A Genome-Wide Association Study in Hispanics/Latinos Identifies Novel Signals for Lung Function. The Hispanic Community Health Study/Study of Latinos

Affiliations
Comparative Study

A Genome-Wide Association Study in Hispanics/Latinos Identifies Novel Signals for Lung Function. The Hispanic Community Health Study/Study of Latinos

Kristin M Burkart et al. Am J Respir Crit Care Med. .

Abstract

Rationale: Lung function and chronic obstructive pulmonary disease (COPD) are heritable traits. Genome-wide association studies (GWAS) have identified numerous pulmonary function and COPD loci, primarily in cohorts of European ancestry.

Objectives: Perform a GWAS of COPD phenotypes in Hispanic/Latino populations to identify loci not previously detected in European populations.

Methods: GWAS of lung function and COPD in Hispanic/Latino participants from a population-based cohort. We performed replication studies of novel loci in independent studies.

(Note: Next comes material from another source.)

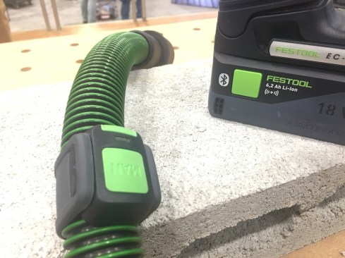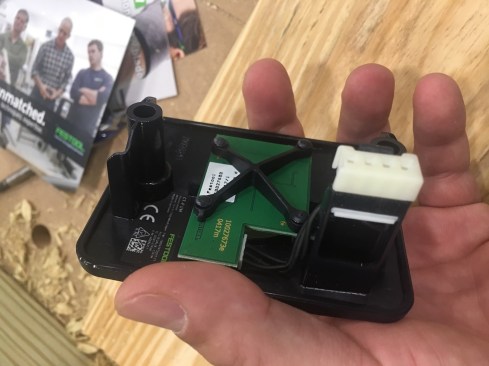 Festool had a couple of new products available at its booth at the JLC Live trade show last week, including a plug-and-play Bluetooth setup for its CT dust extractors. The system, which includes a remote control, revolves around a small plate that makes a CT dust extractor instantly Bluetooth-enabled. The Bluetooth module plate replaces the cover plate that sits on the front of the CT dust extractor just next to the tool-operated power outlet. Once the Bluetooth module is installed, the vac can be turned on cordlessly either by the included remote or by a cordless power tool equipped with the new 18V Bluetooth battery.

Measurements and main results: Among 11,822 Hispanic/Latino participants, we identified eight novel signals; three replicated in independent populations of European Ancestry. A novel locus for FEV1 in ZSWIM7 (rs4791658; P = 4.99 × 10-9) replicated. A rare variant (minor allele frequency = 0.002) in HAL (rs145174011) was associated with FEV1/FVC (P = 9.59 × 10-9) in a region previously identified for COPD-related phenotypes; it remained significant in conditional analyses but did not replicate. Admixture mapping identified a novel region, with a variant in AGMO (rs41331850), associated with Amerindian ancestry and FEV1, which replicated. A novel locus for FEV1 identified among ever smokers (rs291231; P = 1.92 × 10-8) approached statistical significance for replication in admixed populations of African ancestry, and a novel SNP for COPD in PDZD2 (rs7709630; P = 1.56 × 10-8) regionally replicated. In addition, loci previously identified for lung function in European samples were associated in Hispanic/Latino participants in the Hispanic Community Health Study/Study of Latinos at the genome-wide significance level.

Conclusions: We identified novel signals for lung function and COPD in a Hispanic/Latino cohort. Including admixed populations when performing genetic studies may identify variants contributing to genetic etiologies of COPD.

Keywords: Hispanic/Latino; chronic obstructive pulmonary disease; genome-wide association study; lung function; single-nucleotide polymorphisms.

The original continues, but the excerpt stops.